So, the question remains. How did an Arizona Coral Snake get north of Chicago?

Update - Friday 6 PM My expensive snake. Heating company came out (I'd called two, one didn't return my call) and looked around with a fiber optic camera and didn't find the snake. $79.00. They called Animal Control who came out an hour later and set glue-board traps and will be here tomorrow to check them. $175.00 plus $20.00 trip charge for every time they come and haven't gotten the snake yet. I felt even more apprehensive when they threw out the plastic covering to the vent. The glue traps around it on the floor are in addition to the ones they put inside the vent and down at the other end in the basement. When it's finally removed, another $400.00 for duct cleaning.

Update - Saturday 9 PM Animal control guy was here at 6 AM. I'd been up since 3. He checks upstairs and downstairs glue traps, no trap had moved. I've been walking around all day with a flashlight and look in there a lot. Baked a pie to keep warm. Made lots of coffee to keep warm. I'm not supposed to use the furnace. I don't know if that means they took the furnace apart. They seemed to think having the snake in the furnace would not be good. I told him not to come tomorrow, it's Easter Sunday. He said, "You sure? Well okay, I have a 4 yr old and it is Easter."

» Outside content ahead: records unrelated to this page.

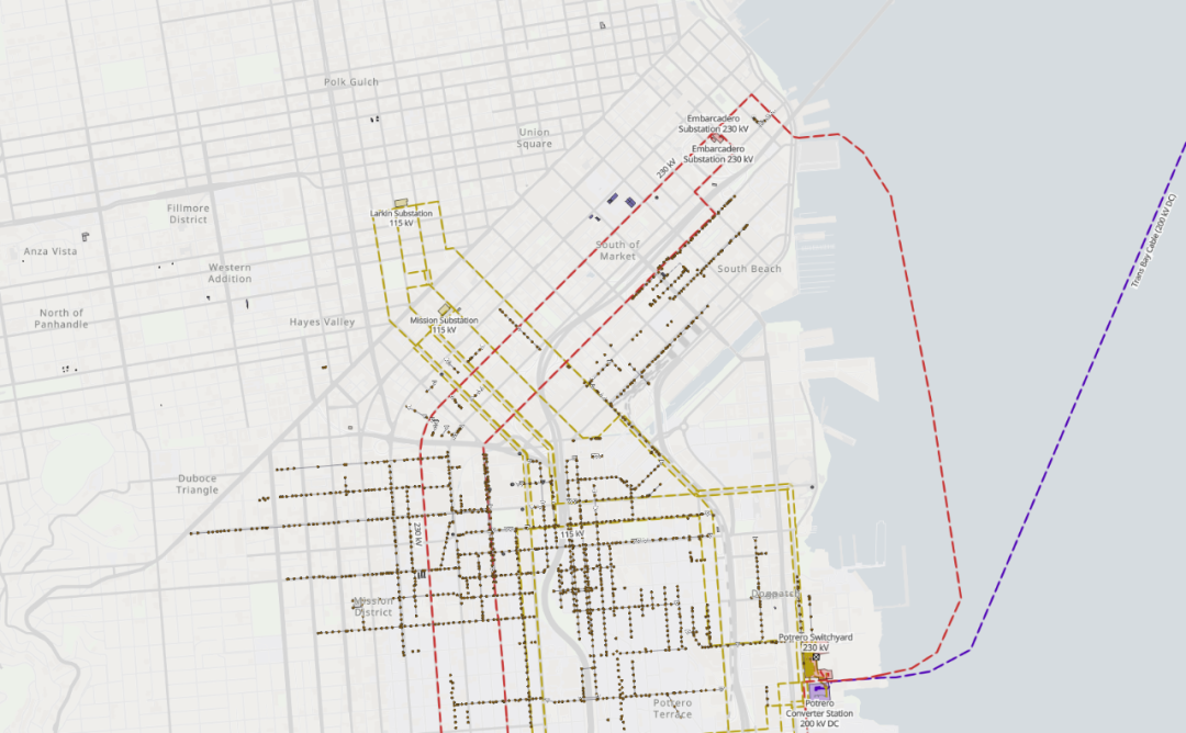 位于第 8 街和 Mission 街的 Mission 變電站,以及該區(qū)域龐大的 230kV 115kV 電纜供電系統(tǒng)。(金色為 115kV 地下電纜;紅色為 230kV;藍色為跨灣 ±200kV 直流)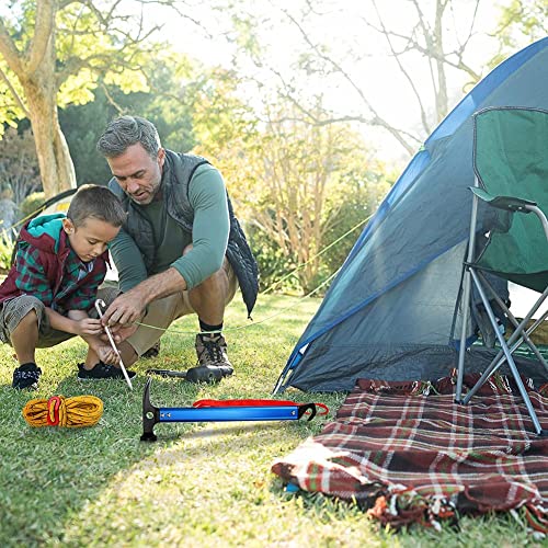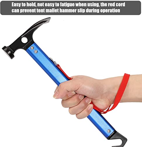 LATERN Marteau De Camping avec Crochet, 30cm Marteau De Tente en Aluminium Maillet De Camping en Plein Air Marteau De Piquet De Tente Multifonctionnel avec Sac De Rangement à Cordon (Bleu)
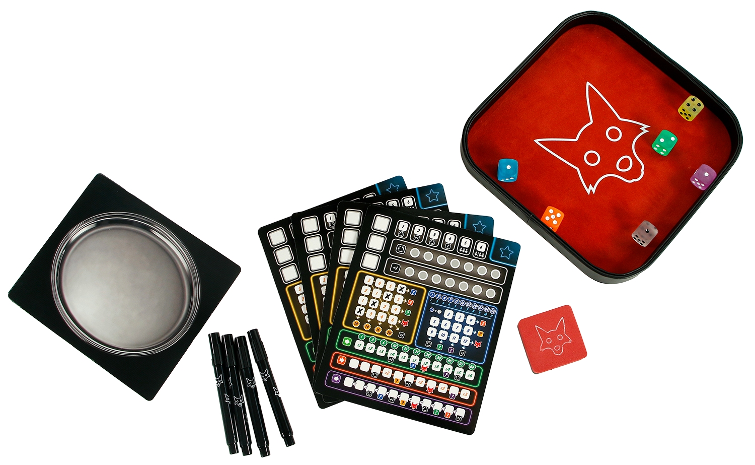 • Met onder andere een luxe dobbelbak en uitwisbare tableaus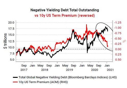 Since September, however, term premium has kept rising despite the amount of negative yielding debt outstanding remaining stable. Bond holders are sensing rising inflation risks, with term premium increasing to compensate them.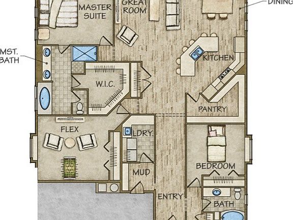 Under construction "The Laughton 2.5 car" by Todd Campbell Custom Homes in the final phase of Paramount. For those seeking a dramatic open concept design. Great room offers entertaining space with an open kitchen, dining room & family room that will allow guests to mingle. Besides the Master Suite there are 2 add'l rooms plus a 4th room that could be used as a bonus room/media area or guest room. Large windows for natural light, custom cabinetry, stainless steel appliances, custom moldings & hardwood flrs.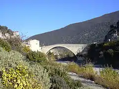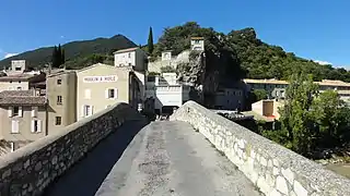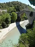 - paso abovedado acondicionado en el estribo izquierdo a 3.50 m sobre el río; «Tienes que pasar por debajo del puente Nyons antes de pasar por encima» («il faut passer sous le pont de Nyons avant de passer dessus»);

Have a list of new questions - can we lure it to the glue traps with maybe a hot dog? Actually the only meat I have in the house is some ham for sandwiches, and some frozen fish. Can we use smoke in the duct to make it move toward the glue traps. Can we end the search if we haven't found it in a week? What's the next step?
Called brother-in-law in Arizona. Maybe they have those snakes-in-the-house problems too. Well, no, but be careful. Keep a 5-gallon bucket handy. Wear sturdy shoes. Have some heavy leather gloves handy.

Anyone else got advice about snakes in a house? Dangerous ones?